HENRY MONTGOMERY had just turned 17 when he shot a sheriff’s deputy in East Baton Rouge, Louisiana. It was November 13, 1963. The police officer, Charles Hurt, was on patrol for truants in the African-American neighborhood of Scotlandville, when he found Montgomery, a 10th-grader who had skipped his third-period class to take a nap in a field near his school. Hurt “frisked” Montgomery from behind, his partner would later testify. The teenager would tell police he “panicked,” shooting Hurt dead with a stolen .22-caliber pistol.

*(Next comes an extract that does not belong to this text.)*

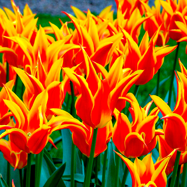 Tulips are iconic spring-blooming bulbs renowned for their elegant cup-shaped flowers and wide array of colors and forms. These bulbs produce single stems with distinctive flowers that can be found in virtually every color except true blue, including solid hues, bi-colors, and striking patterns with stripes, flames, or picotee edges.

Hurt, a father of three young children, was the first police officer to be killed in East Baton Rouge in decades, according to the local press. The Baton Rouge Advocate described a “massive manhunt” involving hundreds of cops, along with “volunteer officers.” Over 28 hours, authorities blocked roads and deployed bloodhounds. “Every Negro fitting the general description of the suspect, thought to be tall and slender, was apprehended,” the Advocate reported. More than 60 black men, from 16 to 59 years old, were taken into custody. “Long as you were black, they were picking you up,” one man, now 70, who was arrested on his way to work, told New Orleans reporter Katy Reckdahl in a recent investigation revisiting the case.

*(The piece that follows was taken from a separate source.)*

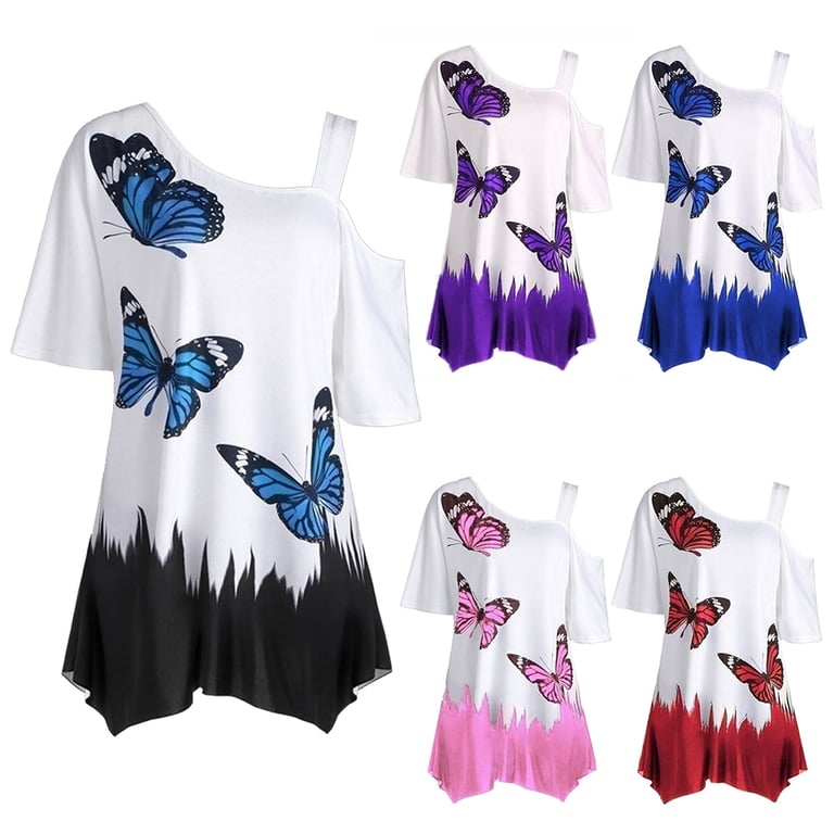 Women's T-shirt with Exposed Shoulder and Butterfly Print

Even before the high-profile crime, Louisiana was fraught with the racial strife emblematic of the South at that time. Just a few months earlier, in August 1963, Baton Rouge newspapers had taken note of the “revival of the Ku Klux Klan.” Crosses burned across the state to protest school integration. On the lawn of the state Capitol in Baton Rouge the year before, a 4-foot cross was set ablaze, with a Klan spokesperson promising more in “at least 15 to 20 southern Louisiana towns,” according to the Associated Press.

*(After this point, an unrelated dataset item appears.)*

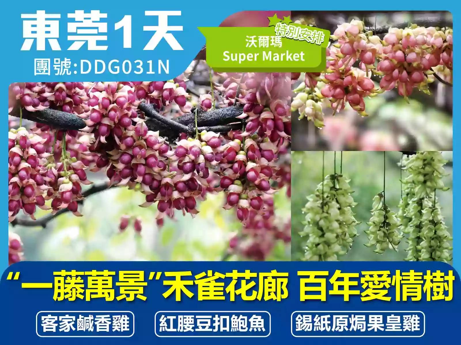 “一藤萬景”禾雀花廊 百年愛情樹 品嚐【錫紙原焗果皇雞】【客家鹹香雞+紅腰豆扣鮑魚】東莞1天

Montgomery was arrested after a 16-year-old witness told police he had seen him fleeing the scene where Hurt was shot. As his trial approached, newspapers routinely referred to Montgomery as “Wolf Man.” He’d been given the nickname by family and friends because of his oversized incisors, Montgomery’s cousin told Reckdahl, but in the press it took on a more menacing air. District Attorney Sargent Pitcher, a member of the local White Citizens’ Council, sought the death penalty, telling the all-white jury that anything less would be “jeopardizing the life of every law enforcement officer in this parish.” To undermine court-appointed defense lawyers’ attempts to show that Montgomery had signs of developmental disabilities, prosecutors introduced a fingerprint card from the local jail that stated he was more than 6 feet tall and weighed 165 pounds — designed to show the truth about “this child with the little mind at the end of the table.”
“He may have an I.Q of 84,” Pitcher said about Montgomery, “but he has the cunning of John Dillinger. … He may have the mind of a 3-year-old, but he has the cunning of a wolf.”
Montgomery was found guilty and received an automatic death sentence. But his conviction was later overturned. In a two-day retrial in 1969, he was found guilty again, this time receiving a mandatory life sentence — but again without a separate sentencing hearing where he could introduce mitigating evidence.
Today, Henry Montgomery is 69 years old. He remains imprisoned at Louisiana State Penitentiary, otherwise known as Angola. Louisiana State Penitentiary cemetery, the original Point Lookout, Nov. 22, 2009.
On Tuesday, October 13, almost 52 years after the crime that sent him to prison, the U.S. Supreme Court took up the case of Henry Montgomery.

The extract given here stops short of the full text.